_Goal of the exercise_
Your answer must consist solely of the lines from the one containing "Suitable for watching..." through the last line of the records below, reproduced exactly, with all pictures omitted.
▬▬▬▬▬▬
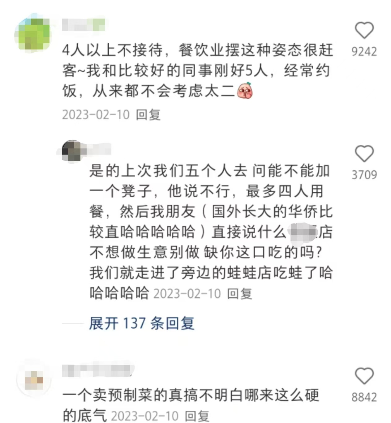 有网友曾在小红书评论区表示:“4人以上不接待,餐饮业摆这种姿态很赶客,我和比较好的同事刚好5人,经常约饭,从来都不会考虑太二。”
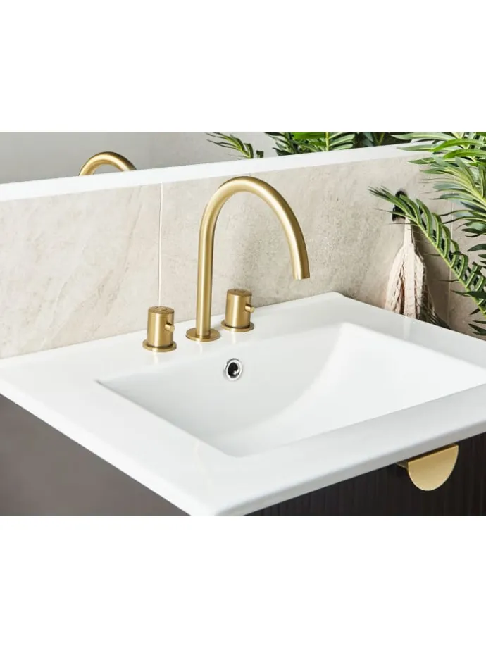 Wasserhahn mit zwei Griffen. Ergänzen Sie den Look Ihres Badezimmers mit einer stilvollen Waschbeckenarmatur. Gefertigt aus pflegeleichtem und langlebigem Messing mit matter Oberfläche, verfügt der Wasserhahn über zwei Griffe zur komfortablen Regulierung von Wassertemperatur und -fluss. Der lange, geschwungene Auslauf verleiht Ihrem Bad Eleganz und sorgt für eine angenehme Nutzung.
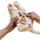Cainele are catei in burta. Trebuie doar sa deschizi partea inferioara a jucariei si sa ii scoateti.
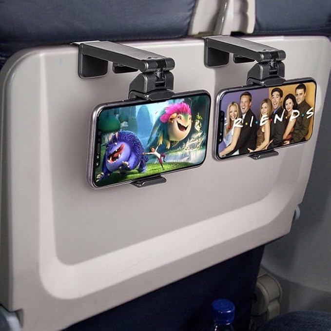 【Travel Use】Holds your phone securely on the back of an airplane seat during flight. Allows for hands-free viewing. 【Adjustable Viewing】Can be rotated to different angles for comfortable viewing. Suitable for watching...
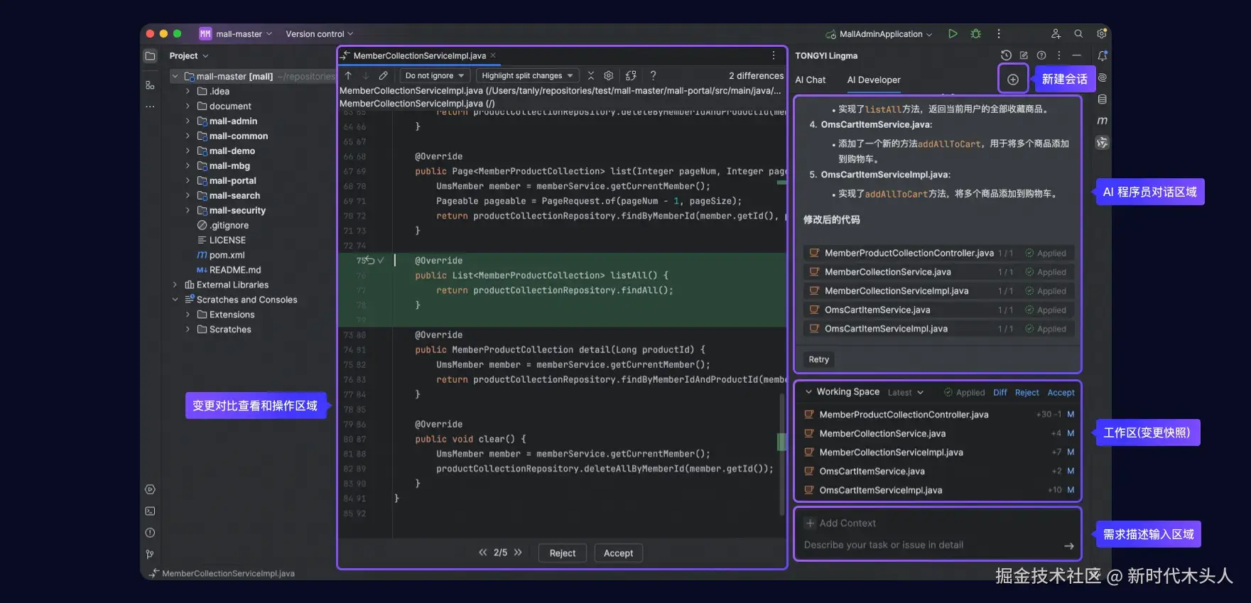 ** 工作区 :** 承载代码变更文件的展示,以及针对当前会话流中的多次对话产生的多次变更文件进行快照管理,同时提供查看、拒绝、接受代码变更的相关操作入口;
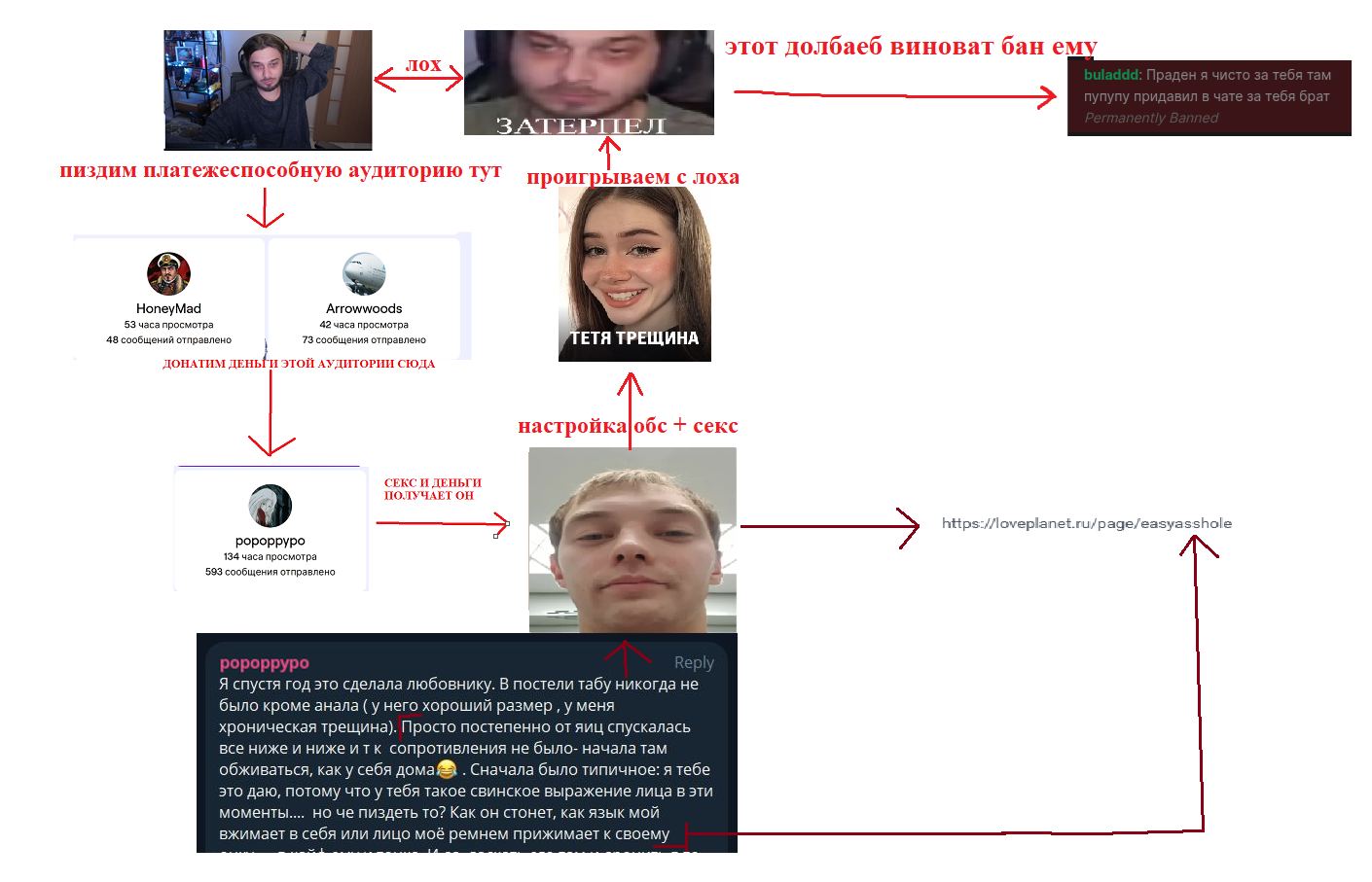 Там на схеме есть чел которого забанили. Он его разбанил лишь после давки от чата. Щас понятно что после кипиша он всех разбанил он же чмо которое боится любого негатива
▬▬▬▬▬▬
_The completed task_
 【Travel Use】Holds your phone securely on the back of an airplane seat during flight. Allows for hands-free viewing. 【Adjustable Viewing】Can be rotated to different angles for comfortable viewing. Suitable for watching...
 ** 工作区 :** 承载代码变更文件的展示,以及针对当前会话流中的多次对话产生的多次变更文件进行快照管理,同时提供查看、拒绝、接受代码变更的相关操作入口;
 Там на схеме есть чел которого забанили. Он его разбанил лишь после давки от чата. Щас понятно что после кипиша он всех разбанил он же чмо которое боится любого негатива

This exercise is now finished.